"""

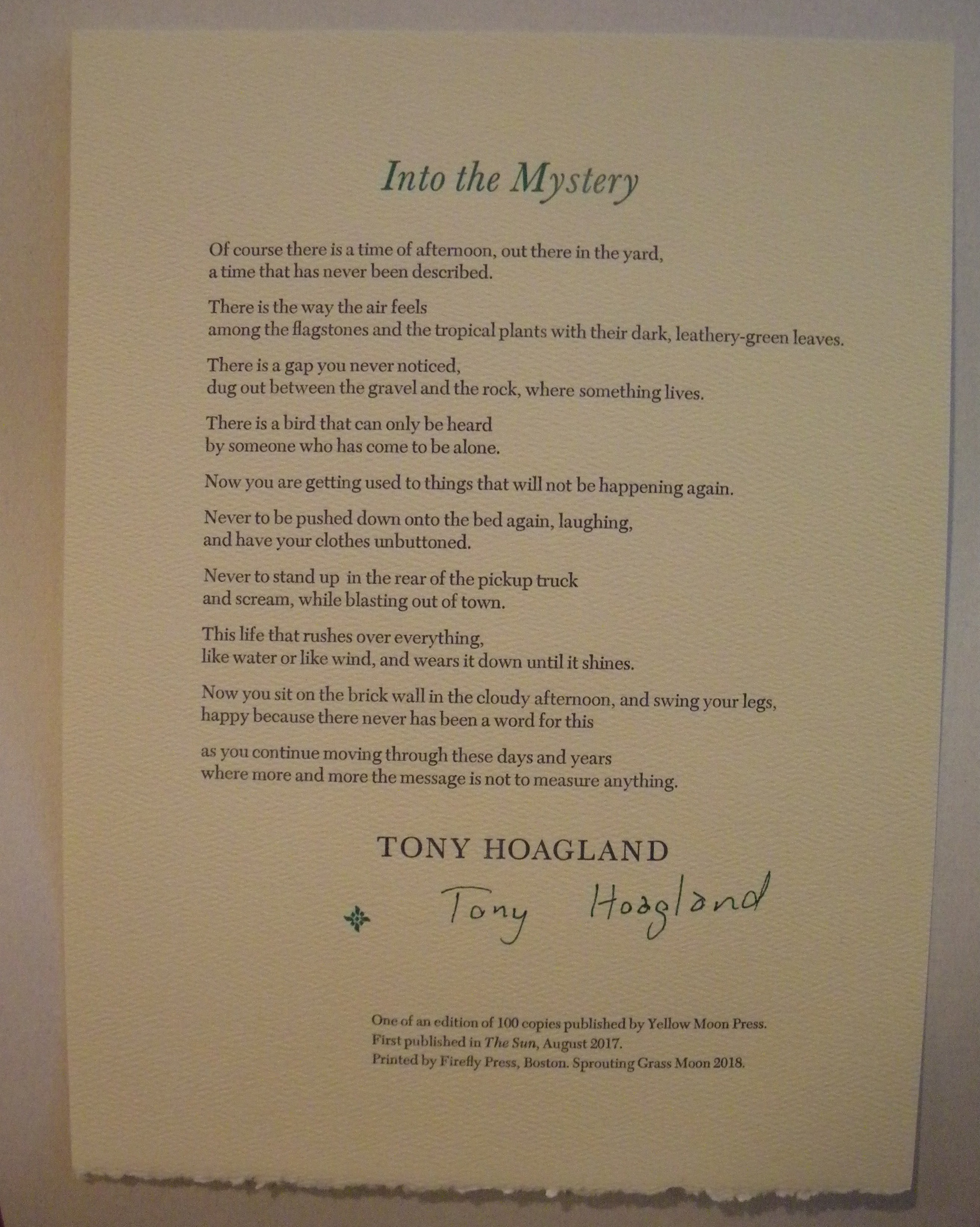 “Into the Mystery” - (Signed)By Tony Hoagland (1953 - 2018) A broadside in a set of 100 copies. Included in The Best American Poetry 2018. Published in The Sun 2017. |
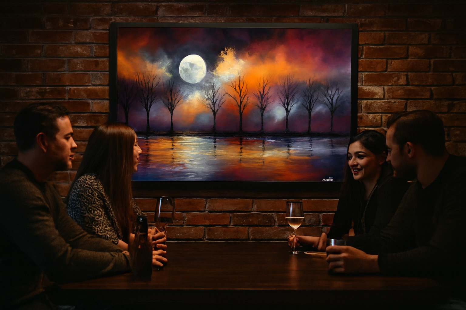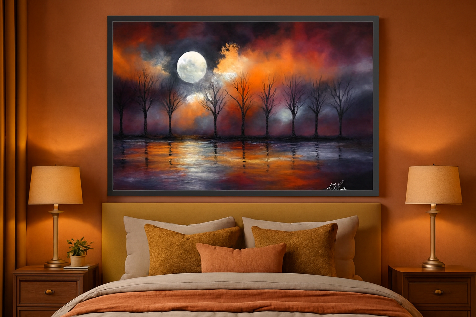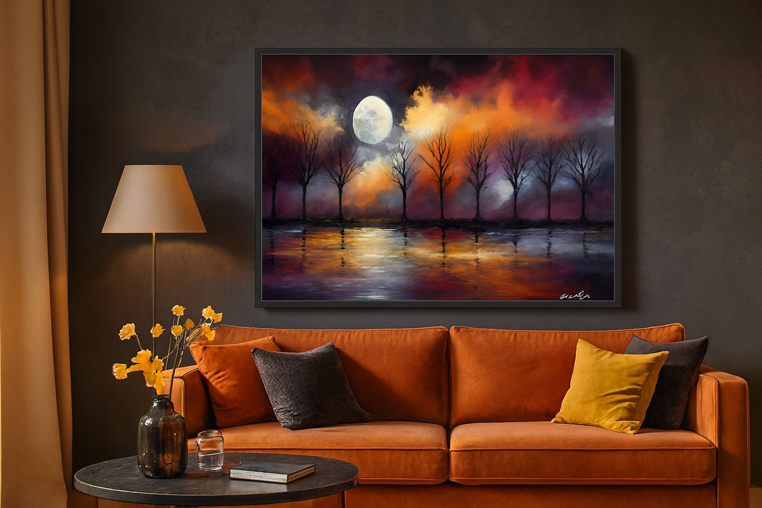 This artwork blends surreal atmosphere, cosmic color palettes, and tranquil natural elements, making it a striking centerpiece for living rooms, bedrooms, creative studios, and modern gallery walls. Perfect for collectors who love moon art, tree silhouettes, fantasy landscapes, and bold, colorful nature paintings.
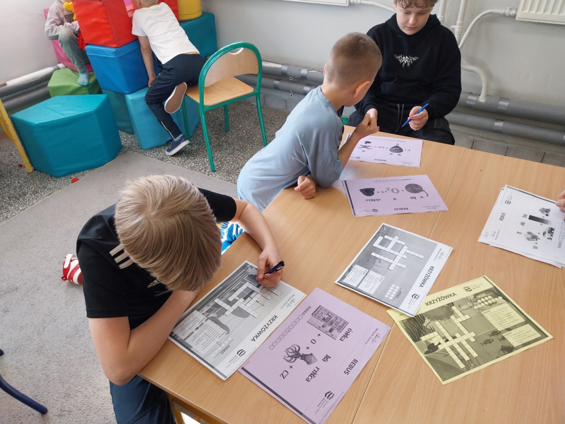 W ramach programu uczniowie z klasy VI b uczęszczający na świetlicę szkolną zapoznali się z treścią gazetki szkolnej z hasłem „Woda źródłem życia” oraz dnia 21 marca  2025r. odbył się na świetlicy szkolnej turniej wiedzy o wodzie, w którym rywalizowano o miano znawców obszernego tematu o wodzie rozwiązując rebusy wodne oraz krzyżówki.
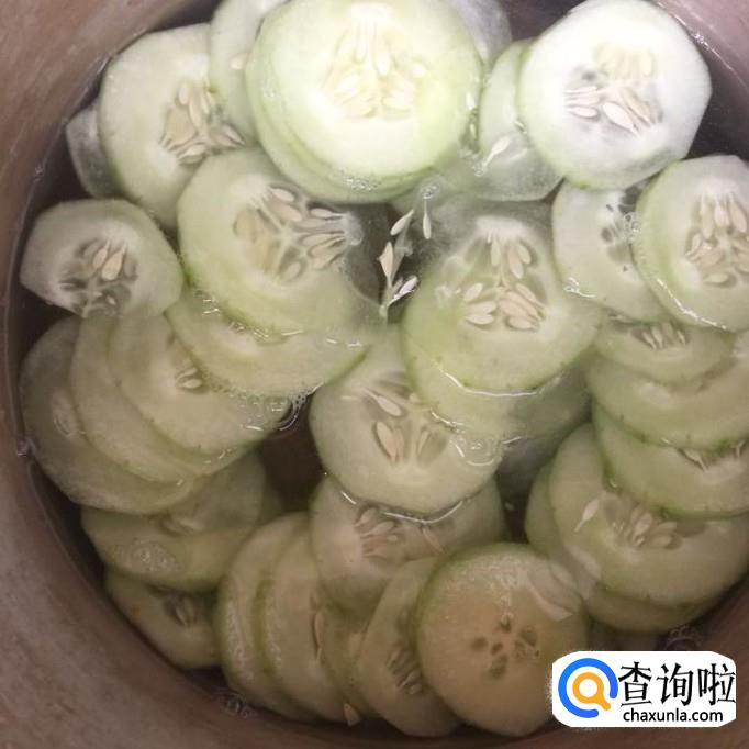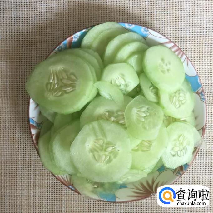首先将黄瓜去皮,切成薄片,如下图所示。

"""

* Task
The listing above is to be written out again exactly, with its pictures omitted.

* Answer
 “Into the Mystery” - (Signed)By Tony Hoagland (1953 - 2018) A broadside in a set of 100 copies. Included in The Best American Poetry 2018. Published in The Sun 2017. |
 This artwork blends surreal atmosphere, cosmic color palettes, and tranquil natural elements, making it a striking centerpiece for living rooms, bedrooms, creative studios, and modern gallery walls. Perfect for collectors who love moon art, tree silhouettes, fantasy landscapes, and bold, colorful nature paintings.
 W ramach programu uczniowie z klasy VI b uczęszczający na świetlicę szkolną zapoznali się z treścią gazetki szkolnej z hasłem „Woda źródłem życia” oraz dnia 21 marca  2025r. odbył się na świetlicy szkolnej turniej wiedzy o wodzie, w którym rywalizowano o miano znawców obszernego tematu o wodzie rozwiązując rebusy wodne oraz krzyżówki.
首先将黄瓜去皮,切成薄片,如下图所示。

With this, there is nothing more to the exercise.